Because many of the top European physicists were Jewish or of Jewish heritage, Germany lost Einstein, Bohr, Szilard, Teller, Fermi, among many others. Heisenberg was the only really top-notch scientist left, and as others have mentioned, it’s not clear that he was working wholeheartedly to make a bomb. The only other scientists of note working for the Germans were Otto Hahn, Carl von Wiesacker, and Max von Laue.
The Germans devoted nowhere near the resources to their atomic program that the Americans did. Hitler considered physics “Jewish science” and had no real comprehension of the potential of the Bomb. He was far more interested in his Vengeance weapons (the V-1 and V-2 rocket bombs) and jet planes.

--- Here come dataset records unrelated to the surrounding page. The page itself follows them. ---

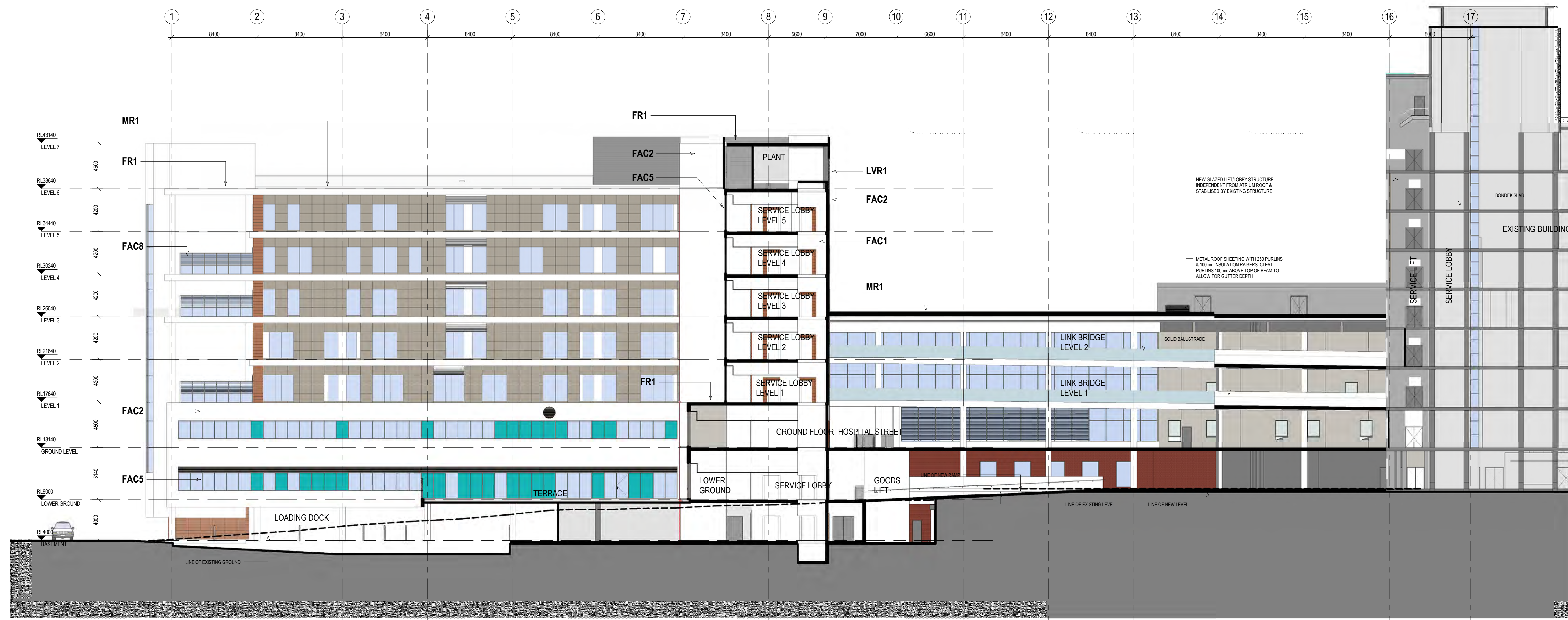
1 SECTION A 15G2 1:200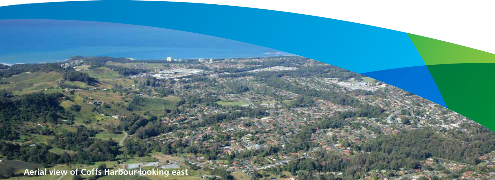
Aerial view of Coffs Harbour looking east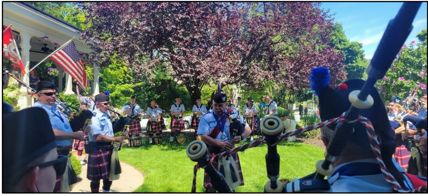
A great end to a great couple of days in Grand Haven...the Boyden House final performances before concluding the 20<sup>th</sup> year of the U.S. Coast Guard Pipe Band participation at the Grand Haven Coast Guard Festival.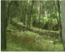
1 magpie creek gold mining diversion sluice magpie historic reserve beechworth slhy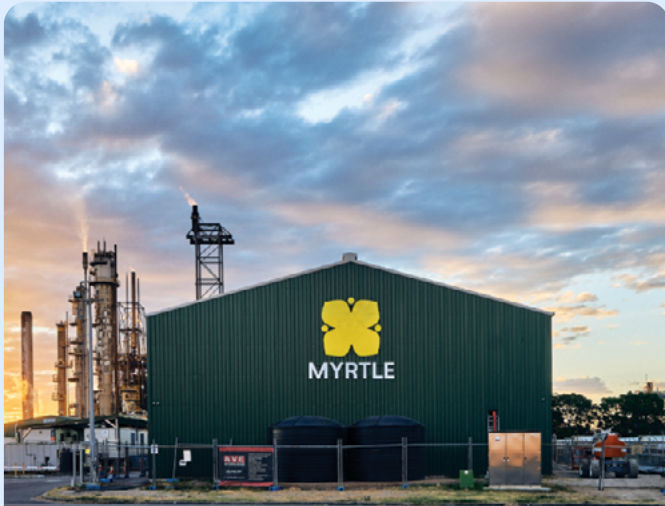
MCi Carbon: Mineral decarbonisation technology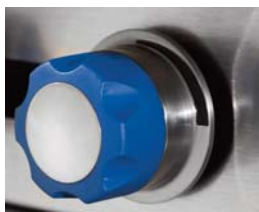
Durable cast aluminum with a Valox™ heat protection grip.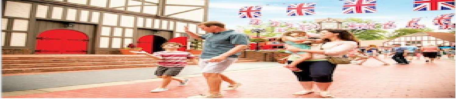
Busch Gardens Williamsburg Unlimited Membership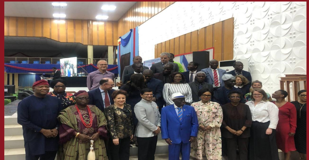
ABUAD signs MoU with King's College , London on Affordable Access to Education

A sum of 10 Billion Naira (10 Million Pounds was endowed to King's College, London, UK to provide transnational education access to indigents youth in Africa.). Substantial discounts were provided to Low income household students to have access to education via the part-time and open distant learning platform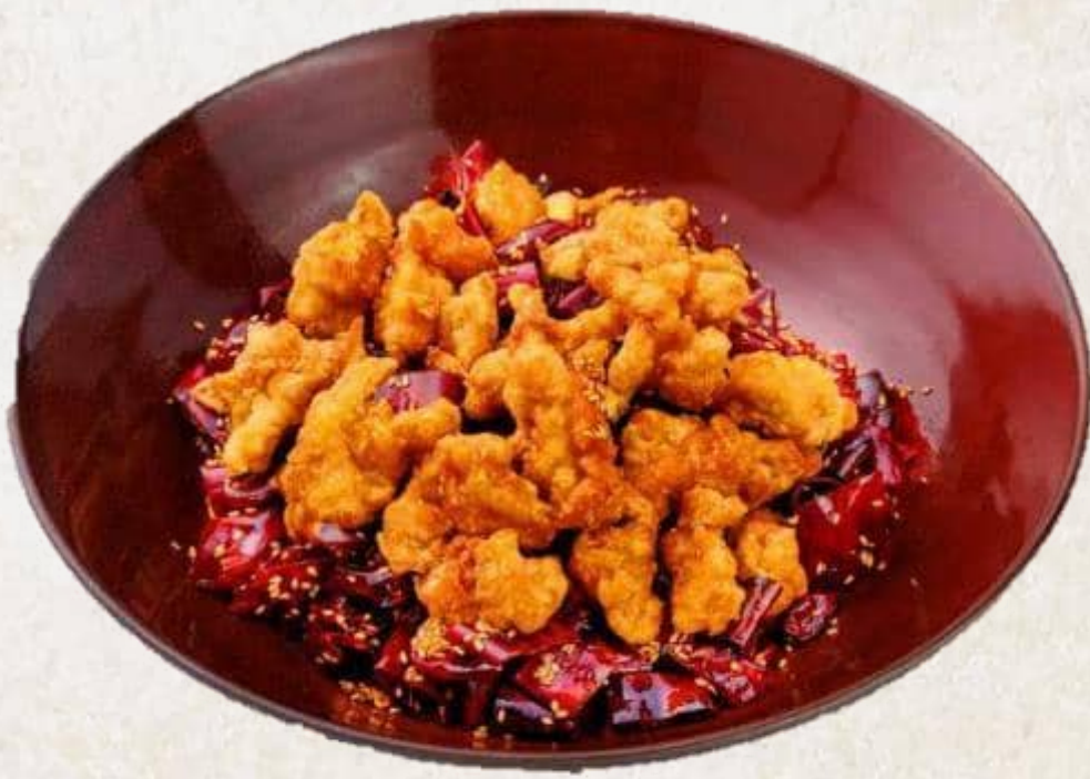
スパイシー鶏唐揚げ Deep Fried Chicken Chili 小 1~2人前 21 / 大 3~4人前 42

In any case, it is highly unlikely that Germany could have dedicated as much money as was spent on the Manhattan Project (about $2 billion, back when a billion dollars was worth something) without completely gutting the rest of its war effort. And even if they miraculously had spent that much, it’s unlikely they would have had the industrial capacity to make a working bomb. The build-up of Manhattan project has been compared to building the entire U.S. automobile industry in about two years.
That the Manhattan Project managed to build, before the end of the war, two atomic bombs, based on entirely different physical principles (Little Boy, the gun-type uranium bomb, and Fat Man, the implosion-type plutonium bomb) was due to an unbelievable assemblage of genius, hard work, risky decisions, and incredible good luck. Many American physicists didn’t believe it wouldn’t be possible to make a workable bomb in time to be used in the war, and there is no doubt the Germans felt the same way.
Heisenberg built an atomic pile in Haigerloch, near the Black Forest, for neutron multiplication studies. But it was much too small to sustain a chain reaction, something Fermi had accomplished in Chicago on Dec. 2, 1942.
There is a telling incident regarding how far behind the U.S. the Germans were. Heisenberg and the other German physicists were captured by the Allies in the spring of 1945 and held prisoner in a farmhouse in England. The place was bugged in an attempt to determine the answer to the question in the OP. When the Germans heard that the Americans had dropped and atomic bomb on Japan, Heisenberg flatly refused to believe that it was a uranium bomb or had anything to do with fission. He was certain they were lying, or that the device had been misreported.
For additional information, I recommend Richard Rhodes’ The Making of the Atomic Bomb, Gen. Leslie Groves’ Now It Can Be Told, Samuel Goudsmit’s Alsos, and Stephane Groueff’s The Manhattan Project. All but the first are out of print, but you could find them in a good library or at an online used bookseller.